So, the dust has settled but the harsh facts remain. Manchester United are out of the Champions League and Tottenham Hotspur will not be joining them in the last 32 of Europe’s second tier competition, the much maligned Europa League.

And after some consideration, it is difficult to arrive at any other conclusion other than, it serves them both right.

Both clubs paid the ultimate price for attempting to sleepwalk through the group stages of their respective competitions, massively underestimating - and one could argue outright disrespecting - the opposition they had to face.

That is certainly the case for United, and Sir Alex Ferguson could justifiably be criticised for wildly overestimating the depth and quality of his squad to get the job done.

It is impossible for a non-United fan not to gloat at their richly deserved failure, particularly given the triumphant Cheshire cat smile on chief executive David Gill’s face upon hearing of the draw in August 2011.

The danger signs were there...

“I got a text from Sir Alex and he is happy. We have a new Romanian team, congratulations to them and we look forward to going there. They are the new boys and we are happy to get that draw. We are comfortable with the draw we’ve been given,” beamed Gill.

There is no doubt United were given the most favourable looking of Champions League draws, not just for this year’s competition but in recent memory. I remember many decrying United being given a ‘bye’ to the next round yet again, and merely just had to turn up to go through.

And that is exactly what they did, merely turned up, expecting to breeze through what they saw as a group of also-rans without breaking so much as a sweat. And that conviction/arrogance went all the way from the chief executive down through the manager and to the United players.

Massively altered line ups, casually thrown away two-goal leads, comedy own goals, a failure to beat anyone but the hapless Otelul Galati, United’s campaign was an embarrassment from start to finish.

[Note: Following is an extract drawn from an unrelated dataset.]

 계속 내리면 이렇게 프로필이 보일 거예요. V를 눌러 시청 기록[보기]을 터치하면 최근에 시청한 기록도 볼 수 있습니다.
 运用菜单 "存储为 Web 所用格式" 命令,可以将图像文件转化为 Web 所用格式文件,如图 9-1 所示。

And it was surely fitting that United left the field in Switzerland humbled and humiliated by a team that put everything it had into the six group games.

Great victory for football

All their effort and no little talent into progressing to the next stage of the competition. And the story of FC Basel in the UEFA Champions League 2011/12 is a great victory for football in my eyes.

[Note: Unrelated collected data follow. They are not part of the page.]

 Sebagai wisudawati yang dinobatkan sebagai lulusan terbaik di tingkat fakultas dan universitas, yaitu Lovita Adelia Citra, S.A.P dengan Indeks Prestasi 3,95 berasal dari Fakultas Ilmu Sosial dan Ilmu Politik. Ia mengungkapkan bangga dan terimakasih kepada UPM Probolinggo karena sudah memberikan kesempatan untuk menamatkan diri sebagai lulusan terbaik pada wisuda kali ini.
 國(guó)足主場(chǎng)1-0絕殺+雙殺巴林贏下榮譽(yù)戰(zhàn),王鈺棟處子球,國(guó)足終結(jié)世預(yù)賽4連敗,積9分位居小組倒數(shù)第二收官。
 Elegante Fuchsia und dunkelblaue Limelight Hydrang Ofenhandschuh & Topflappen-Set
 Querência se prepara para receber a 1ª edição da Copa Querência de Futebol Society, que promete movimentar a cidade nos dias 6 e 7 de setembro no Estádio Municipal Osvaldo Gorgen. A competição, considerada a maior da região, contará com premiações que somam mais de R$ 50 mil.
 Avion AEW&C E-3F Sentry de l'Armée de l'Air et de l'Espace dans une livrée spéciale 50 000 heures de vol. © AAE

But despite their humiliation, there is no doubt that United wanted to progress out of Group C and continue on to their “assumed right” of the competition’s latter stages.

Tottenham however, and in particular manager Harry Redknapp, could not seemingly decide whether they really wanted to be in the Europa League at all. Was it worth the hassle, with them doing so well in the league and looking good for a quick return to the top table next year?

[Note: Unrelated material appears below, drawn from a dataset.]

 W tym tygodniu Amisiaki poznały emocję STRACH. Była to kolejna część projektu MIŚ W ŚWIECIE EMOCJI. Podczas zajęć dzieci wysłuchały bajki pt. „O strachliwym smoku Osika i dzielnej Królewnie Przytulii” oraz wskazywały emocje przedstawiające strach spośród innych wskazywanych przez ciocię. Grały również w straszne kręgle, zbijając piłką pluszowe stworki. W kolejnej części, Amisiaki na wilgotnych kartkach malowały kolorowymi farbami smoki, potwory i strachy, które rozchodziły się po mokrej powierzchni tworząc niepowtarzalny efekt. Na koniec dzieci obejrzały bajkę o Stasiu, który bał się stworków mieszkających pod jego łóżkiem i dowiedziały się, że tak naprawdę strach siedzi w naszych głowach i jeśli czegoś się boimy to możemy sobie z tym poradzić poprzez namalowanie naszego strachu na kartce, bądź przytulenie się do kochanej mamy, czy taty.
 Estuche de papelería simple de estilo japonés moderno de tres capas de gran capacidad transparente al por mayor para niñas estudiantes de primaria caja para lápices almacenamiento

Couldn’t they just play a mix of youngsters and squad players until the business end was in sight? Well, Spurs look to have got their answer to the last question posed. And it is a euphoric no.

And how satisfying that the talented Rubin Kazan and PAOK Salonika sides that certainly do want to be in the competition have combined forces to eliminate them.

Tremendous

Now, Spurs have been tremendous this season in the Premier League. I have enjoyed watching them play as much as any team.

The scintillating football of one of the best midfields in the league has been something to behold. Luka Modric, Gareth Bale, Rafael Van Der Vaart and Aaron Lennon - between them all there is pace to burn, no little skill, finesse or goalscoring ability.

And Emmanuel Adebayor has been a revelation (as I expected someone of his quality would be in an already enviable side).

With their newfound consistency they appear to have a decent shot at the title, and their emergence at the top end as a real force is only good for English football (not least with the likes of Defoe, Scott Parker, Lennon and Tom Huddlestone in their ranks).

But in Europe this season, Tottenham has carried the look of a slightly too cool and self-important club, that is only slumming it with the guttersnipes of the Europa League on a temporary basis. That the competition is a bit beneath them and their standards, but they’ll just about put up with it for now, and try and squeak through to the bit where there’s a slightly fancy final in sight.

Got what they deserved

And thankfully, their umming and ahhing and general half-heartedness in the competition has gotten the result it has merited. Elimination.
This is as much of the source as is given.